Izvestia: The solution to the Armenian political crisis postponed until next week
A solution to the political crisis in Armenia has again been delayed; this time until March 8, opposition leaders in Izvestia said. Until that date, Chief of General Staff Onik Gasparyan, whose resignation is demanded by Prime Minister Nikol Pashinyan, will continue to exercise his functions. Meanwhile, the Prime Minister continues to push for early elections, seeing them as a way to restore public solidarity. That said, tensions in the Armenian capital are rising. On March 3, stun grenades were planted around parliament, and police cordons and snipers were deployed on Bagramyan Avenue, where nearly 5,000 protesters gathered. Armenia’s ombudsman, Arman Tatoyan, told the newspaper that this type of public display of arms against peaceful protesters was unacceptable.

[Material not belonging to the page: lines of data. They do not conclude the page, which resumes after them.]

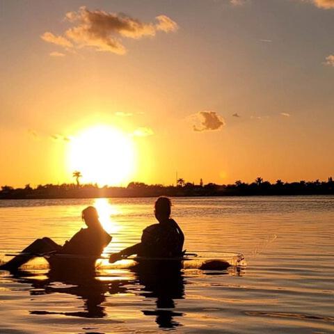 While the sun is setting, our friendly guides lead you on an amazing evening clear kayak or paddle board adventure on the Lagoon. We'll also walk in shallow waters to interact with the bioluminescence.
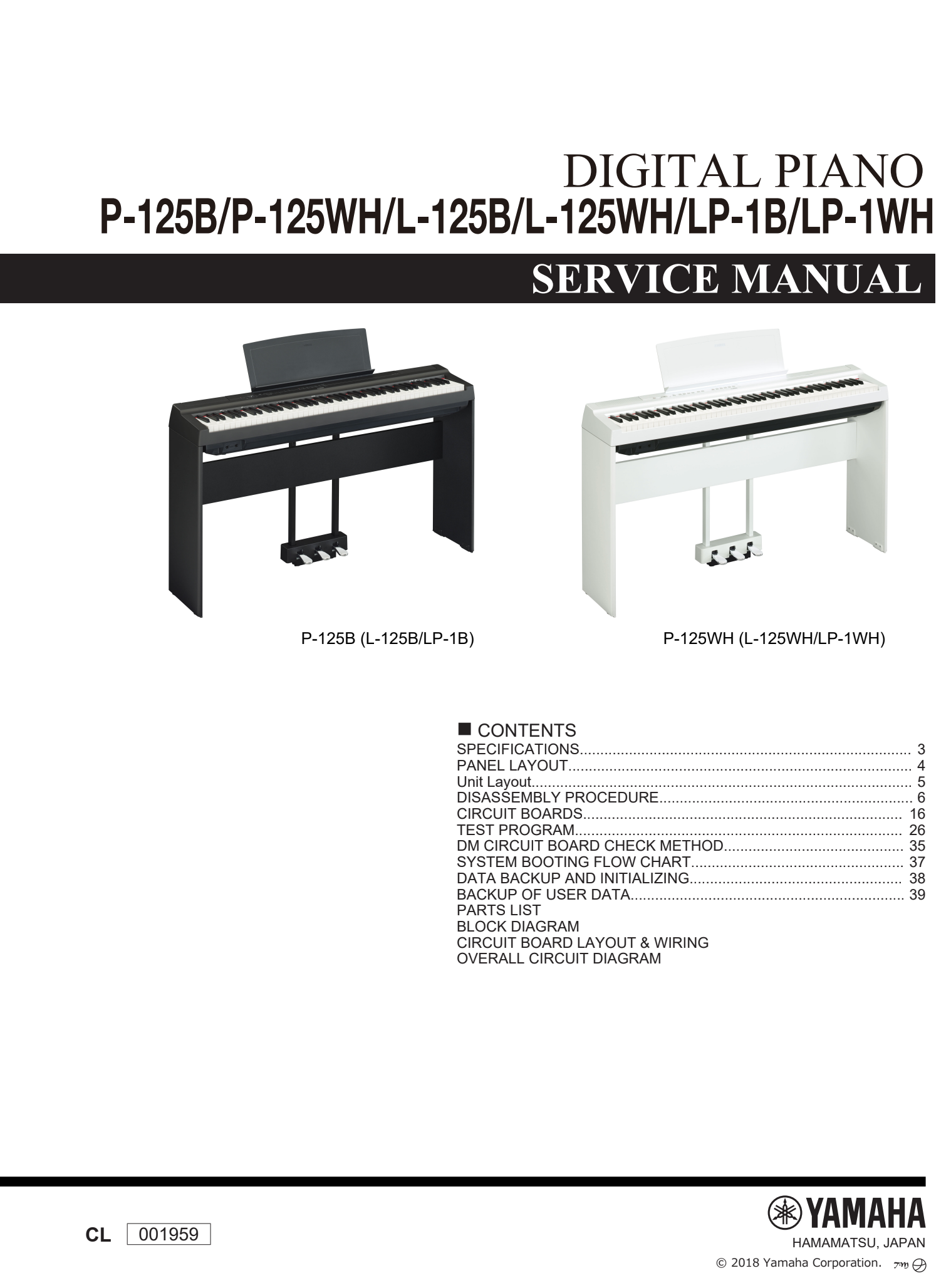 Yamaha P-125, P-125B & P-125WH Digital Piano Service Manual (Pages: 70)
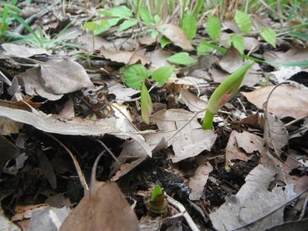 ↓花茎が顔を出しました。これではうっかり踏んづけてしまいそうですが...。
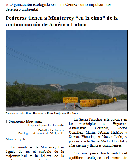 - Martínez S. (2013). Pedreras tienen a Monterrey «en la cima» de la contaminación de América Latina. 4 marzo 2021, de La Jornada Sitio web: https://www.jornada.com.mx/2013/08/11/politica/013n1pol
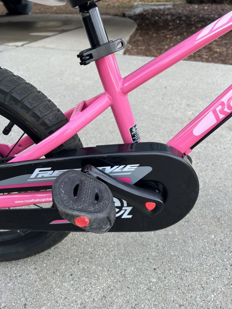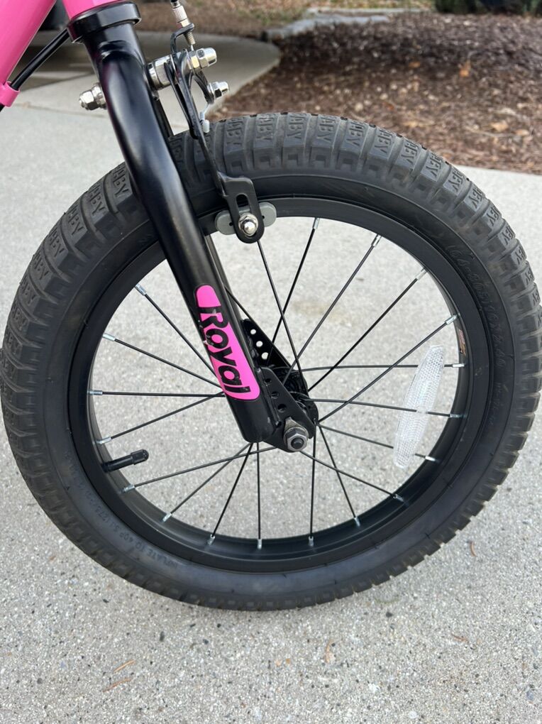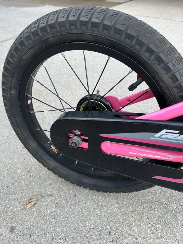 Royal Baby 16 inch wheels. My daughter has out grown this bike. Works great

Under the law, the Chief of the General Staff was to resign on March 4 based on Pashinyan’s petition, and although not approved by the President, it was to take effect automatically. However, the General Staff said Gasparyan would remain in office until at least March 8, citing the Military Service Law.
The director of the Yerevan-based Caucasus Institute, Alexander Iskandaryan, noted that despite the harsh criticism against the military leadership, Pashinyan might reverse his decision. This is one of the key options to iron out the crisis, the expert said. “I believe that some negotiations on this subject, perhaps not direct, are under way at the moment. Although I’m not sure it will defuse tension in society. The reasons go beyond the simple dismissal of the former general. But somehow it might help settle the situation with the higher military brass, at least for a while. And the conflict will not go anywhere,” he said.
Vedomosti: Russia considering new tax for foreign IT companies
Russia is expected to decide whether to introduce a new tax on the activities of foreign IT companies by the middle of this year, the Vedomosti newspaper reported on Thursday, citing members of the IT industry, who discussed the issue with the Russian Deputy Prime Minister Dmitry Chernyshenko last week.
The participants of the meeting, which was held within the framework of the talks on new measures to support and develop the national IT industry, were delegates from the Center of Competence for Import Substitution in the field of ICT, 1C, venture capital fund Almaz Capital Partners, Alfa Bank, Russian Railways, Mail.ru Group, Yandex as well as industry associations.
The new measure, dubbed Digital Tax, is part of a second set of measures aimed at supporting the Russian IT industry. This involves levying an additional fee on global companies that use Russian citizens’ data and develop advertising policy in the country. One example is analyzing user behavior on the internet to launch contextual advertising, the sources say.
The money raised would be used to support the Russian IT industry. The country’s lawmakers plan to adopt a decision on the proposed measure by mid-2021. The law, according to which foreign companies selling digital content on the Internet in Russia are required to pay a value-added tax of 18 %, entered into force on January 1, 2017.